Perrito espera a su dueño muerto afuera de mina

En el municipio de Múzquiz, Coahuila donde colapsó la mina de Rancherías y murieron siete mineros de carbón, ‘Cuchufleto’, un perrito fiel pasó horas en la Bocamina esperando a su dueño.

Cuchufleto se movía de un lado a otro, con mirada triste pero amor incondicional, esperando volver a ver a su dueño, el minero identificado como Gonzalo Cruz Marín, de 55 años de edad, vecino de la zona.

Cruz Marín fue el cuarto de los cuerpos rescatados el domingo siguiente tras el fatídico viernes 4 de junio, cuando las paredes y el techo de la mina colapsaron por inundación y dejó atrapados a siete mienros, mientras que otros 10 lograron salir ilesos.

‘Chucho’ como le llaman cariñosamente, es un perro que sufre la pérdida de su dueño y compañero, pues aulla y llora por la ausencia de Gonzalo.

La viuda de Cruz Marín, Sandra Idalia compartió la historia del can en un video para un medio local que fue posteriormente difundido en redes sociales.

Comparan a ‘Chucufleto’ con ‘Hachiko’

Idalia comentó que su esposo trabajaba dos turnos seguidos, ‘de primera y de segunda’, el can lo acompañaba en la mañana y posteriormente regresaba a casa a comer, después por la tarde iba y lo buscaba.
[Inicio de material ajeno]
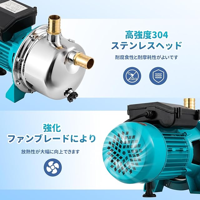 『耐久性がよい』:Poafamx 電動井戸ポンプはステンレス製のポンプヘッドでできており、非常に丈夫で、錆びにくく、耐食性に優れています。鉄製ベースは安定した運転を保証し、冷却ベントデザインは良好な放熱を助長し、耐用年数を延ばすのに役立ちます。ポンプを使用する前に、1/2以上の容量で十分な水を満たす必要があることに注意してください。
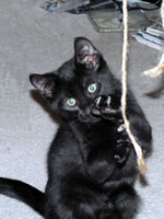 I am Soots and this is one of my new favorite toys. It is just a long piece of twine with one end attached to a human (not in the picture.) No plastic. No paint. No feathers or bells or sparkly things. You would think that it would be boring, and you would be very wrong. As long as the human doesn’t get tired and forget to keep jiggling the string, we will jump and twist and make kitty pretzels all night until we pass out from the sheer euphoria of life. This is a true fact. However, most humans give up too soon and never discover this for themselves. We still have much training of them to do.
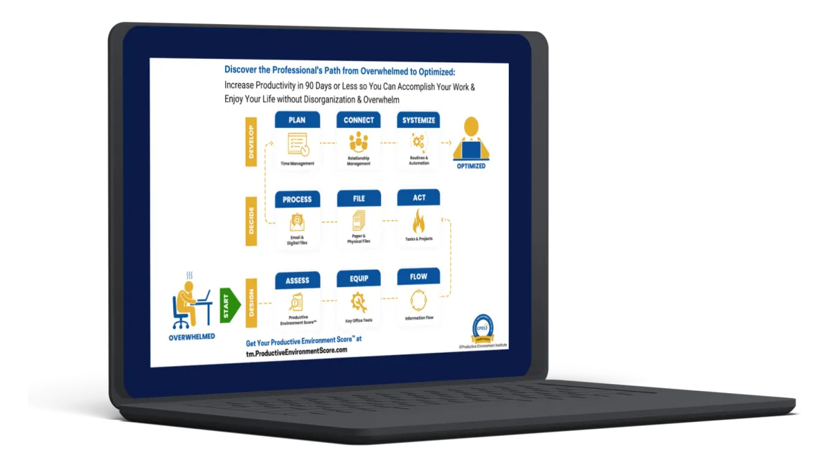 As a Certified Productive Environment Specialist™, I help Small Business Owners increase productivity in 90 days or less so they can go from overwhelmed to optimized and make more money without disorganization and overwhelm.
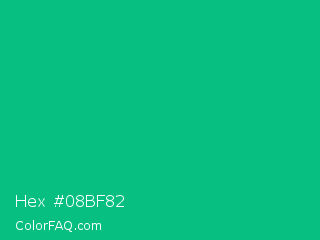 Hex #08bf82 Color is a normal green color and the nearest color is Mountain Meadow Crayola #1ab385. Hex code #08bf82 and RGB value is rgb(8,191,130). In RGB color space, this color is composed of 3% red, 75% green, 51% blue, In CMYK color space, this color is composed of 96% cyan, 0% magenta, 32% yellow , 25% black , In HSL color space, this color has a hue angle of 160° , 92% saturation and 39% lightness.

La mujer señaló que esa era la rutina de ambos. «El día del accidente ahí estaba mi perro con mi esposo y olfateaba, luego rascaba y rascaba en la bocamina, movía la cola, aferrado porque sabía que ahí estaba mi esposo», dijo.

Relató que Chucho esperó hasta que sacaron el cuerpo de Gonzalo, señaló que ella le habló para darle de comer, pero el can no le hacía caso y se negaba a probar alimento.

La historia de Cuchufleto recordó a quienes lo vieron a ‘Hachiko’, el perro japonés que esperó a su dueño en el mismo lugar por años tras la muerte de su dueño. Dicho relato fue llevado al cine y ‘Hachi’ tiene una estatua en su honor.